AA: Indeed. This is a big test for the global ontology, to reveal inherent 
structures and underlying meaning organizations
>
>> I am sure that no entity is monitoring the oil/gas threats globally
>> or locally. Say, the same Gulf of Mexico, with 50,000 oil and gas wells,
>> to be unsealed or uncapped and abandoned without any regular technical
>> monitoring, is nothing but an environmental "minefield" of other deadly
>> oil-rig explosions.
>
> That's an excellent argument for better monitoring.  But the connection
> to a single global ontology is dubious.    (04)

AA: The Earth/Environment Monitoring and Measuring Networks Infrastructure 
is under slow development, including seismic monitoring, tidal monitoring, 
metereological monitoring, and fluviometric monitoring networks as well as 
GPS, EOS, Geodetic benchmarks, and Geospatial  Data Infrastructure. But it 
needs a dynamic integration of data, processes and functions.
Kingsley's comments are in line here:
"Being able to leverage the WWW as a global data space where conversations 
are machine discernible will help. Facebook, Twitter, and
other social networking oriented data space enclaves are showing the way 
(albeit totally privacy challenged today)."    (05)

>
> The BP spill, for example, could very easily have been prevented by
> responsible managers who took safety seriously.  BP management got
> many, many warnings from their employees, and they ignored every last
> one of them.  More warnings coming from a computer would have been
> just as easy for them to ignore.    (06)

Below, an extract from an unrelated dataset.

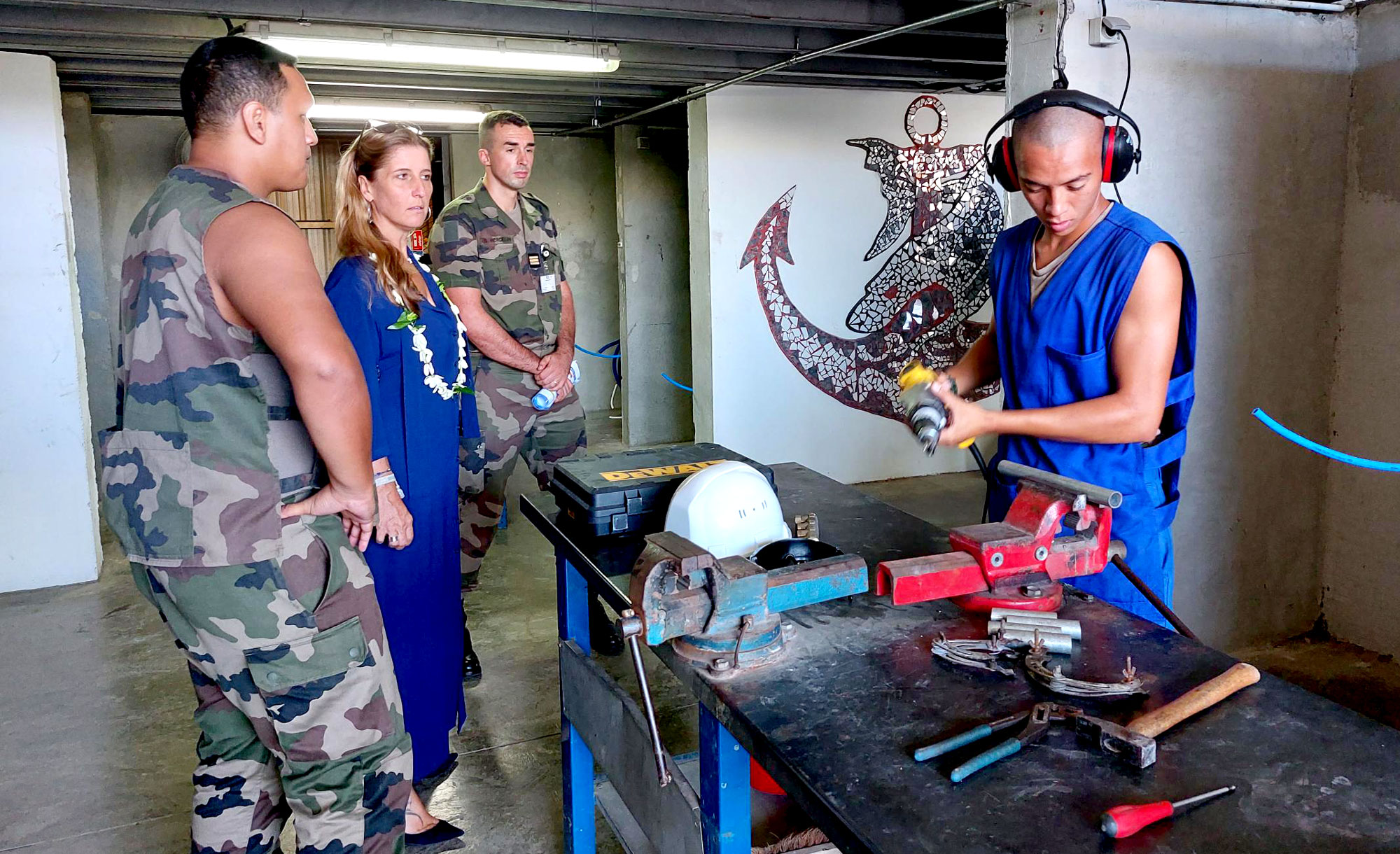 Accueillie par le Lieutenant-colonel Fabrice Avenel Chef de corps du Régiment du service militaire adapté de Polynésie française, Virginie Bruant a été conviée à une présentation des missions, de l’organisation et des filières de formation du régiment.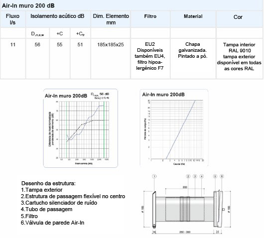 O arejador de parede Air-In 200 dB é composto por uma válvula mural, um tubo de ventilação flexível, um cartucho silenciador de ruídos exteriores e uma tampa exterior Air-In 200. Graças ao tubo de ventilação flexível, o isolamento do ruído é muito melhor.

AA: It's not so simple as it looks. If it was a must at least a 3D Facility 
Information Model, acting on a generic ontology, and successfully applied in 
the AEC industry, then the authorities and general public could know easier 
who really was to blame:
The rig owner (Transocean, its safety systems and devices);
The blowout preventer faulty design (Cameron Int);
The cement contractor (Cheny's Halliburton)
As a result of lacking the FIM, now observe their rows in federal court, 
where BP is suing Transoceanic for $ 40b in damages, while the latter one 
goes against BP, HB, and many other companies and suppliers, with no visible 
end.
But the saddest result, it is suffering of simple people and bad disturbing 
of ocean food chain. And its all comes from defaulting ontology-driven 
Facility Information Modeling Systems.